While at Union, I had my first paper proposal accepted for the Annual Meeting of the Society of Biblical Literature. Dean did not let me go into this experience unprepared. I worked on it all fall, and a few weeks before I was to read my paper, I read it before our Graduate Colloquium, which consisted of other doctoral students and faculty. It all seemed to go quite well from my perspective, and I left the colloquy encouraged and energized. The next day, Dean called me into his office and began to explain all the ways that the paper needed to be improved. I was a little dismayed, to say the least. I remember saying to him that I was worried that the time was short, it was just a few days before the Annual Meeting, the paper seemed to be good enough, and I would survive my first experience reading this paper. At that, Dean furrowed his brow and said: “You can read a telephone book and survive. You want to succeed.” So, I re-wrote the paper, and have been re-writing ever since.
As a teacher, Dean could take a student’s breath away. His reflections were lectures in the theology of the Hebrew Bible. A “simple” introductory course on Biblical Hebrew, in which the class worked through the first few chapters of Genesis, was an introduction to ancient Near Eastern religion and iconography. As his teaching assistant, my poor section of students learned about the miracle of the “Canaanite Shift” and the wonders of assimilated nuns, while Dean’s section explored the depths of Shamash enthroned above the chaotic waters. In seminars, Dean’s answers to questions were themselves substantial academic articles, delivered extemporaneously, presented point by point in logical, linear arguments, complete with footnotes. If only I could have written fast enough.
As a scholar, his ideas were larger and more expansive than any publication could contain. Famously, Dean once turned in an eighty-plus-page manuscript for an article on the Shema (Deut 6:4-5). The editors returned it, stating that it needed to be shorter. An exchange of views ensued, but eventually the article was published (“The Yoke of the Kingdom: An Exposition of Deuteronomy 6:4-5,” Interpretation 27 [1973]: 273-306), with Dean anguishing over the loss of every comma.

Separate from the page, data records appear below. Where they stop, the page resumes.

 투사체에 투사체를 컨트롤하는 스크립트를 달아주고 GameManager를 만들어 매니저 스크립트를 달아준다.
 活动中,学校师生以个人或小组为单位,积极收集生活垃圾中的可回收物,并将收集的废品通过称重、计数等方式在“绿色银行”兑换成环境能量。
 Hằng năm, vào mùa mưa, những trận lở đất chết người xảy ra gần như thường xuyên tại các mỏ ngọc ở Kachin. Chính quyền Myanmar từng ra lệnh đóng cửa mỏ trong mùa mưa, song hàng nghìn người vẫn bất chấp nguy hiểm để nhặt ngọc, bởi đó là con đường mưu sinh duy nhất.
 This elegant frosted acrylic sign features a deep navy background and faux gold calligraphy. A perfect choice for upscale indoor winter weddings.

His students know this story, however, because Dean told it about himself, full of self-deprecating laughter. Alongside Dean’s critical eye—and at times, Dean was brutally honest—was also an easy manner with which he shaped us into scholars. Dean told us this story about himself as something of a fable, one that carried a moral: less is more.

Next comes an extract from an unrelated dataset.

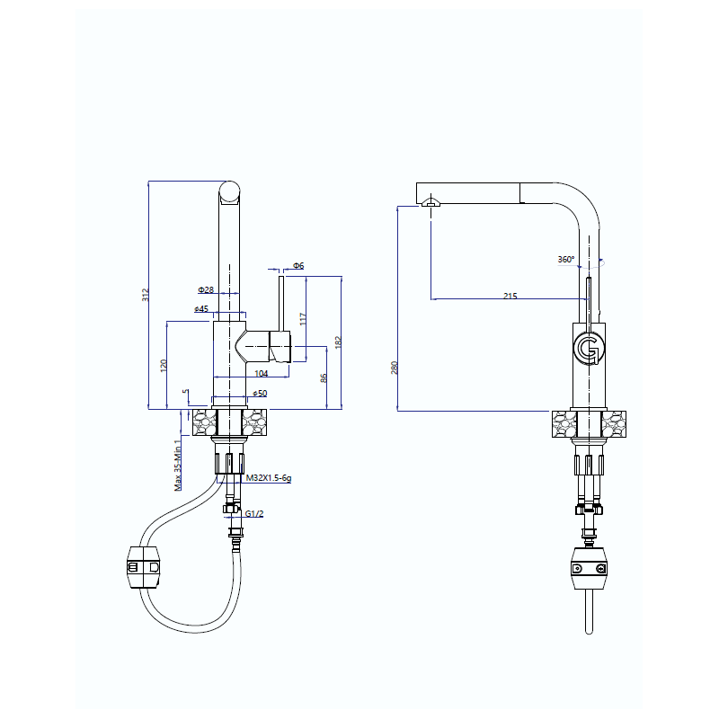 Нержавеющая сталь и Г-образная форма излива придают смесителю современный и элегантный вид, который гармонично впишется в любой кухонный интерьер. Выдвижная лейка делает смеситель универсальным для различных задач на кухне. Покрытие из нержавеющей стали облегчает уход за смесителем, так как оно устойчиво к пятнам и отпечаткам пальцев, сохраняя привлекательный внешний вид на протяжении многих лет.

Dean transformed us from students to scholars, from women and men who could track down the answers to questions other people posed to professionals who generated new questions and answers. Today, we, Dean’s students, roam the world, each of us enjoying our own grand adventure teaching and preaching, researching and writing. We love our adventures because Dean first led us through our own wardrobes, not into Narnia, but rather into the land of ancient Israelite religion, a terrain filled with cherubim and fiery thrones and blazing bushes, ancient epics and archaic poems, mountain tops, both sacred and profane, and kings and priests and prophets, all of whom were subject to a written polity that served as a surrogate for Moses. Dean’s rakish smile promised the excitement of the journey. And that mischievous glint in his eye, we learned, was actually the critical insight of a Presbyterian Doktorvater.
̶ John T. Strong
Dr. John T. Strong is an alumnus of Union Presbyterian Seminary (Ph.D.’93) and professor of religious studies at Missouri State University.